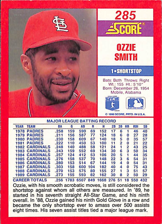 1990 Score Ozzie Smith MLB Baseball Card #285 - Mint Condition
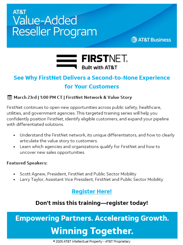AT&T Value-Added Reseller Program | External Training: FirstNet Network & Value Story Source iAgentNetwork on 03/18/26
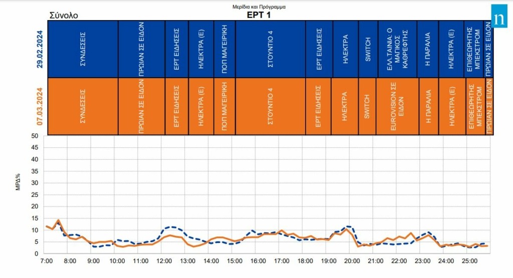 Στα αξιοπρόσεκτα της ημέρας η απόδοση της ΕΡΤ1 η οποία αν και χθες βράδυ, και δη στη ζώνη υψηλής τηλεθέασης επέλεξε να παρουσιάσει μέσα από ειδική εκπομπή το τραγούδι «Ζάρι» με το οποίο θα εκπροσωπηθεί η κρατική ραδιοτηλεόραση και η χώρα στον 68ο διαγωνισμό τραγουδιού της Eurovision, μερίδιο της δεν διαφοροποιήθηκε από εκείνο που είχε την ίδια ημέρα της περασμένης εβδομάδας.
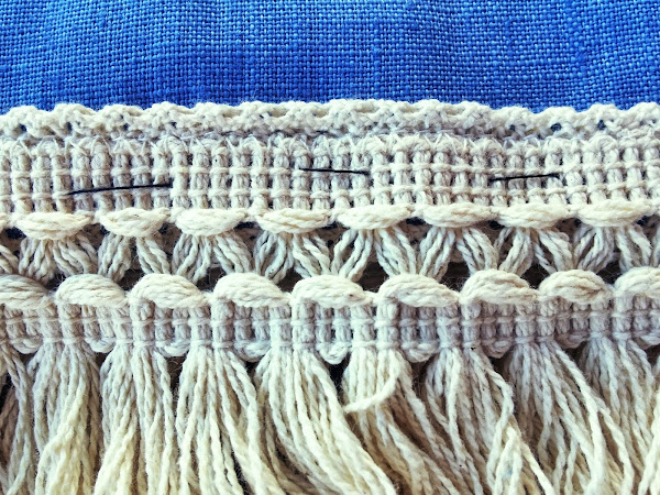 Ahora la adornaremos a nuestro gusto, yo en este caso he elegido flecos. Los he colocado al final del dobladillo, todo alrededor, y en el cuello, a modo de collar. También he utilizado una cinta de crochet para rematar el escote. Primero lo cosí a mano y luego aseguré a máquina.
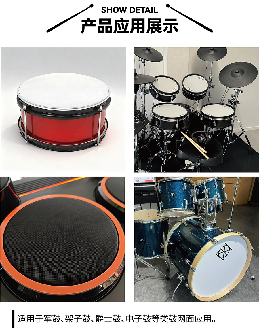 鼓皮絲網是覆蓋于鼓皮表面或鼓腔外側的防護與聲學輔助配件,主要采用尼龍、聚酯或特殊化纖材質經精密編織制成,核心定位是 “保護鼓皮 + 優化聲學表現”,尤其以硬挺質感為核心優勢,適配架子鼓、非洲鼓、手鼓等多種鼓類樂器。
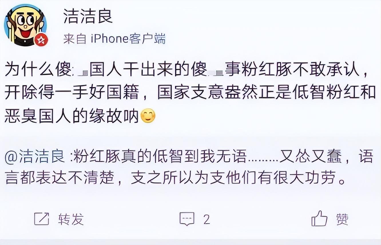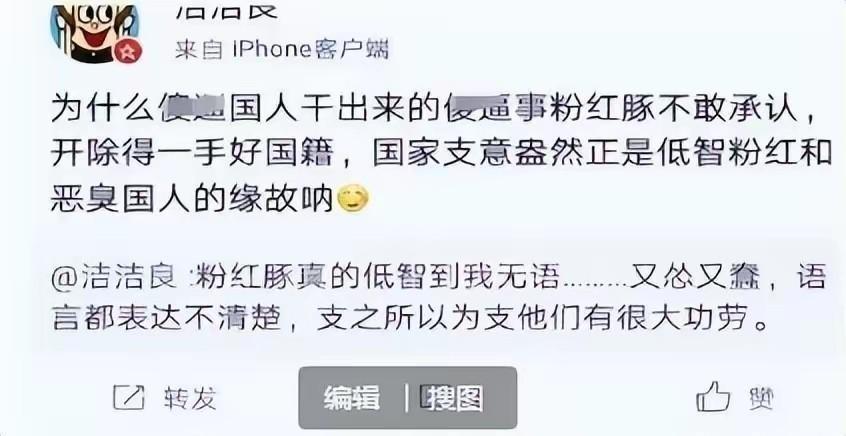 要知道,所谓的“粉红豚”是当年日本人用来侮辱中国的爱国青年的词汇,所以“洁洁良”使用这样的词,不就是在侮辱国人吗?
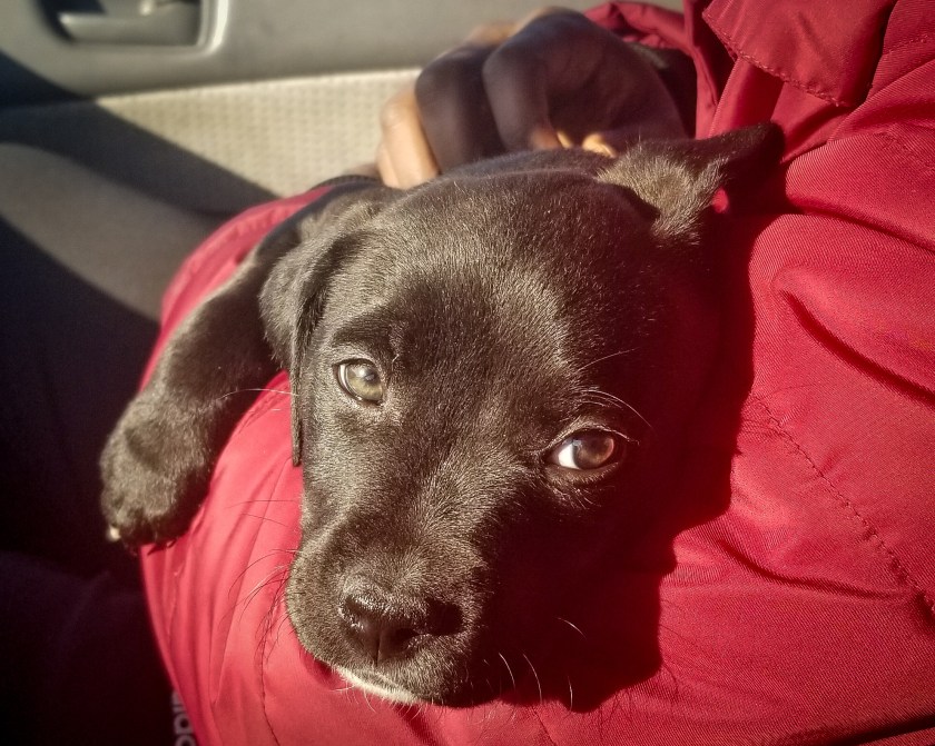Chico was terrified. And yes, it looks like he’s looking at me to save him. Unbeknownst to Chico, he was headed to the vet for his first formal exam. If he knew he’d be getting a shot, that might have bothered him as well. But this face? We can attribute this to his fear of being in a car in motion – which was something I hadn’t expected. Considering my childhood memories of my pet dogs and other canines who eagerly poked their heads out of car windows with tongues happily wagging, this is the last thing I thought possible.
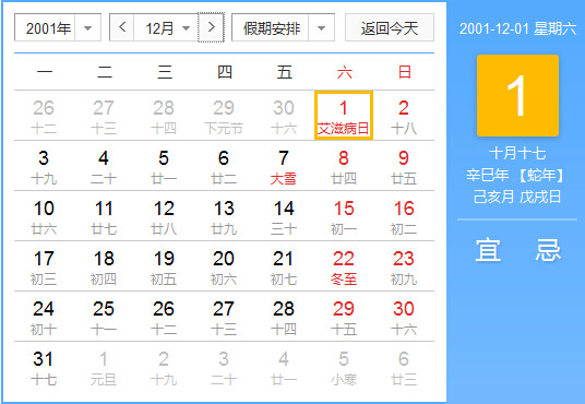 公历2001年12月1日, 农历2001年10月17日, 阴历二零零一辛巳年十月十七日,星期6
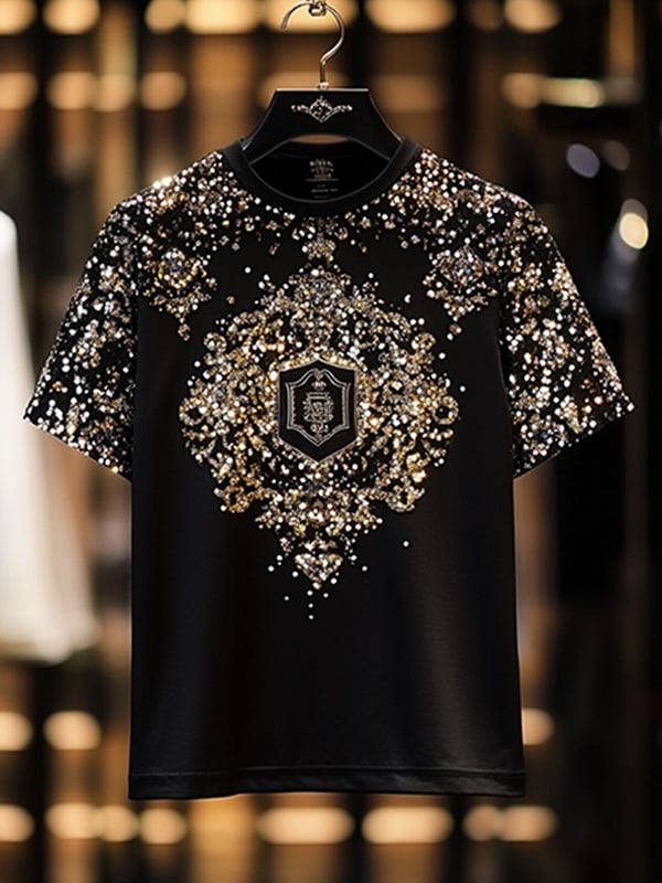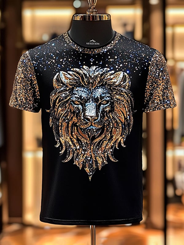 Men's Business Lion Sequin Print Short Sleeve T-Shirt
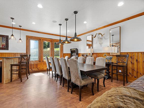 Listed by Suzanne White, 605-390-0137, Keller Williams Realty. Welcome to your dream estate. This stunning home sits perfectly to overlook Rapid City. The comfortable living room invites you in, while hardwood floors, beam details, and bright white interior evoke a warmth. The stone faced wood-burning fireplace is a showstopper. Entertaining is made easy in the gourmet kitchen, with gas fireplace, double oven, and butler pantry, all overlooking the impressive outdoor space. A large patio spans the side of the home, with several seating areas, basketball court, and dog run. Boat/RV storage next to the attached, heated 4 car garage with drain. The upper floor houses five bedrooms and three bathrooms, including the fantastic master suite. Featuring impeccable views, ample space, a private deck, and large en-suite with dual walk-in closets, dual vanities, tiled walk-in shower, and jetted tub, this suite is all you could ask for. All of the bedrooms have large windows to showcase the beautiful surroundings. Even the stairwells will take your breath away with feature windows. The basement offers great storage, media room, and wine cellar. New light fixtures, carpet, and fresh paint inside and out. There is ample storage space throughout the home. The spacious lot offers more opportunities to build out your dream estate with a large flat area to the east of the home. Other features include whole-house vacuum and Culligan water filtration system. Buyer/buyer agent to verify MLS info.
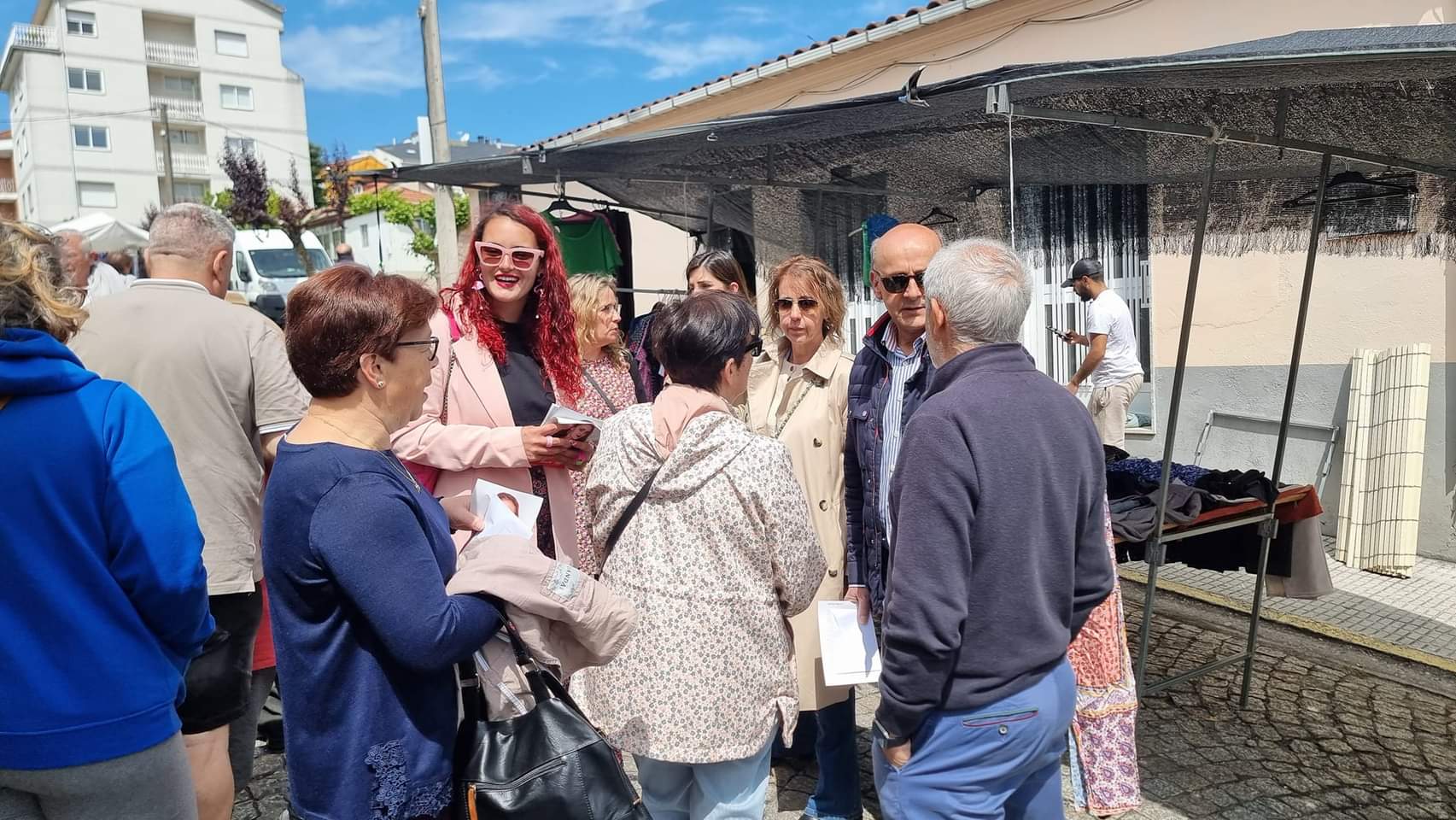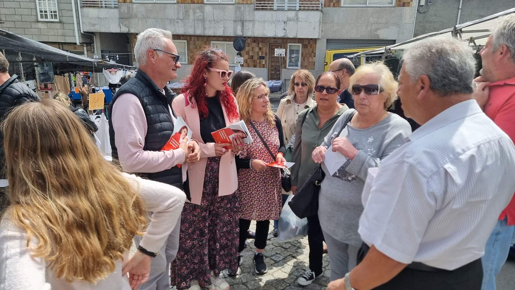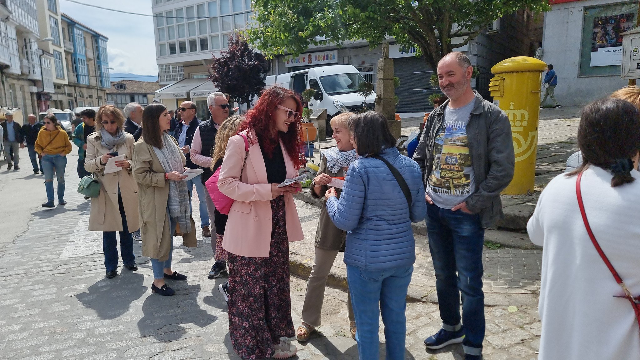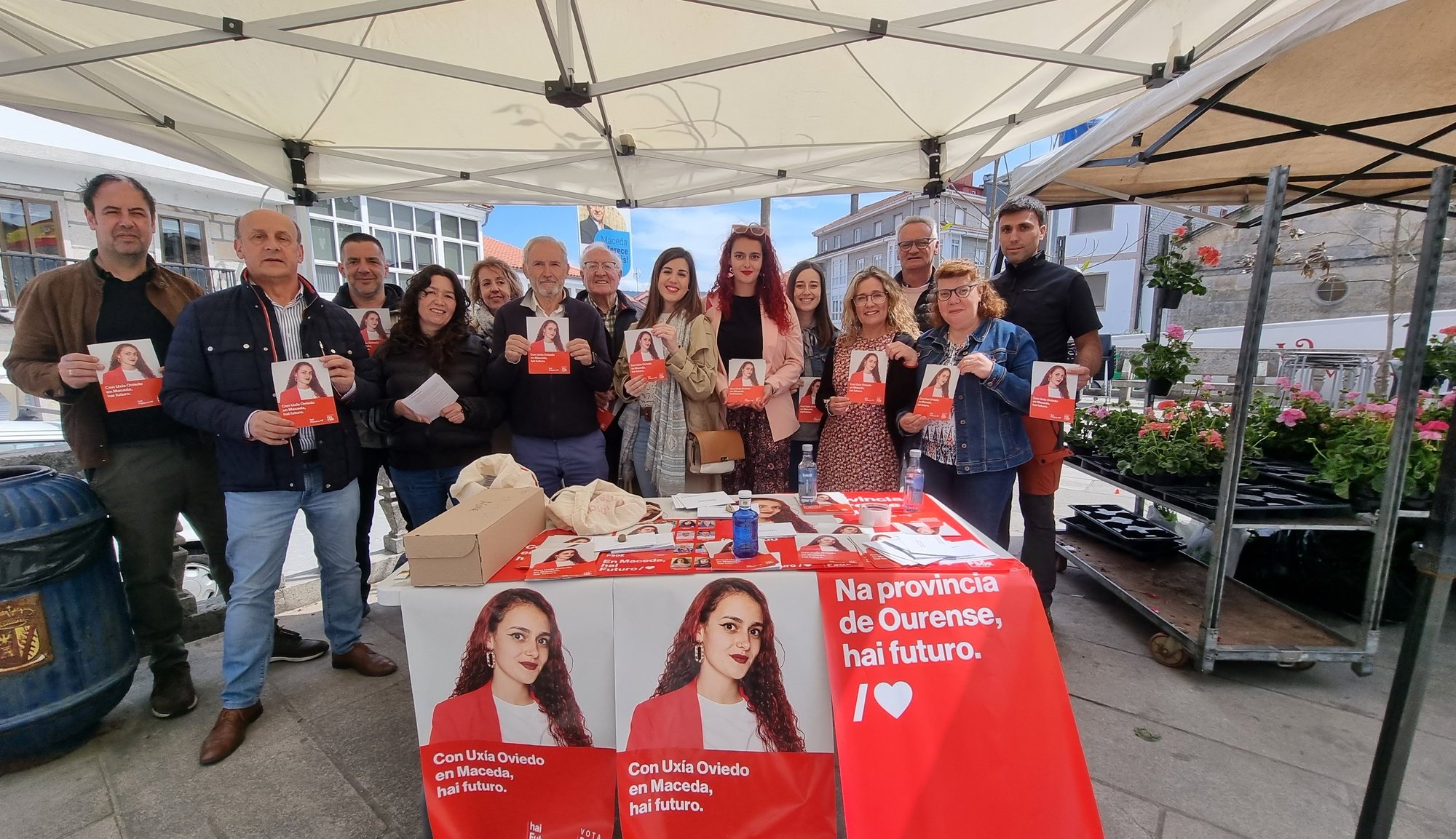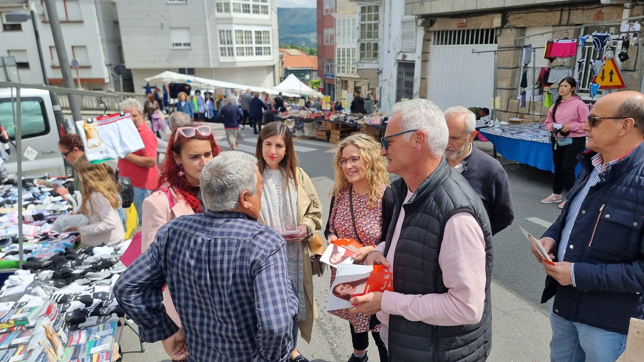 Maceda, 20 de maio de 2023. O PSdeG-PSOE vén de participar esta mañá nun reparto informativo polas rúas de Maceda, aproveitando a celebración da feira. Foron moitos os veciños e as veciñas que escoitaron atentamente as explicacións e as aclaracións sobre o programa que os e as socialistas presentan na vila.

──────────────────────────────

What is expected — What's needed is an exact retyping of the records, pictures excluded.

Exercise answer —
 1990 Score Ozzie Smith MLB Baseball Card #285 - Mint Condition
AT&T Value-Added Reseller Program | External Training: FirstNet Network & Value Story Source iAgentNetwork on 03/18/26
 Στα αξιοπρόσεκτα της ημέρας η απόδοση της ΕΡΤ1 η οποία αν και χθες βράδυ, και δη στη ζώνη υψηλής τηλεθέασης επέλεξε να παρουσιάσει μέσα από ειδική εκπομπή το τραγούδι «Ζάρι» με το οποίο θα εκπροσωπηθεί η κρατική ραδιοτηλεόραση και η χώρα στον 68ο διαγωνισμό τραγουδιού της Eurovision, μερίδιο της δεν διαφοροποιήθηκε από εκείνο που είχε την ίδια ημέρα της περασμένης εβδομάδας.
 Ahora la adornaremos a nuestro gusto, yo en este caso he elegido flecos. Los he colocado al final del dobladillo, todo alrededor, y en el cuello, a modo de collar. También he utilizado una cinta de crochet para rematar el escote. Primero lo cosí a mano y luego aseguré a máquina.
 鼓皮絲網是覆蓋于鼓皮表面或鼓腔外側的防護與聲學輔助配件,主要采用尼龍、聚酯或特殊化纖材質經精密編織制成,核心定位是 “保護鼓皮 + 優化聲學表現”,尤其以硬挺質感為核心優勢,適配架子鼓、非洲鼓、手鼓等多種鼓類樂器。
 要知道,所谓的“粉红豚”是当年日本人用来侮辱中国的爱国青年的词汇,所以“洁洁良”使用这样的词,不就是在侮辱国人吗?
Chico was terrified. And yes, it looks like he’s looking at me to save him. Unbeknownst to Chico, he was headed to the vet for his first formal exam. If he knew he’d be getting a shot, that might have bothered him as well. But this face? We can attribute this to his fear of being in a car in motion – which was something I hadn’t expected. Considering my childhood memories of my pet dogs and other canines who eagerly poked their heads out of car windows with tongues happily wagging, this is the last thing I thought possible.
 公历2001年12月1日, 农历2001年10月17日, 阴历二零零一辛巳年十月十七日,星期6
 Men's Business Lion Sequin Print Short Sleeve T-Shirt
 Listed by Suzanne White, 605-390-0137, Keller Williams Realty. Welcome to your dream estate. This stunning home sits perfectly to overlook Rapid City. The comfortable living room invites you in, while hardwood floors, beam details, and bright white interior evoke a warmth. The stone faced wood-burning fireplace is a showstopper. Entertaining is made easy in the gourmet kitchen, with gas fireplace, double oven, and butler pantry, all overlooking the impressive outdoor space. A large patio spans the side of the home, with several seating areas, basketball court, and dog run. Boat/RV storage next to the attached, heated 4 car garage with drain. The upper floor houses five bedrooms and three bathrooms, including the fantastic master suite. Featuring impeccable views, ample space, a private deck, and large en-suite with dual walk-in closets, dual vanities, tiled walk-in shower, and jetted tub, this suite is all you could ask for. All of the bedrooms have large windows to showcase the beautiful surroundings. Even the stairwells will take your breath away with feature windows. The basement offers great storage, media room, and wine cellar. New light fixtures, carpet, and fresh paint inside and out. There is ample storage space throughout the home. The spacious lot offers more opportunities to build out your dream estate with a large flat area to the east of the home. Other features include whole-house vacuum and Culligan water filtration system. Buyer/buyer agent to verify MLS info.
 Maceda, 20 de maio de 2023. O PSdeG-PSOE vén de participar esta mañá nun reparto informativo polas rúas de Maceda, aproveitando a celebración da feira. Foron moitos os veciños e as veciñas que escoitaron atentamente as explicacións e as aclaracións sobre o programa que os e as socialistas presentan na vila.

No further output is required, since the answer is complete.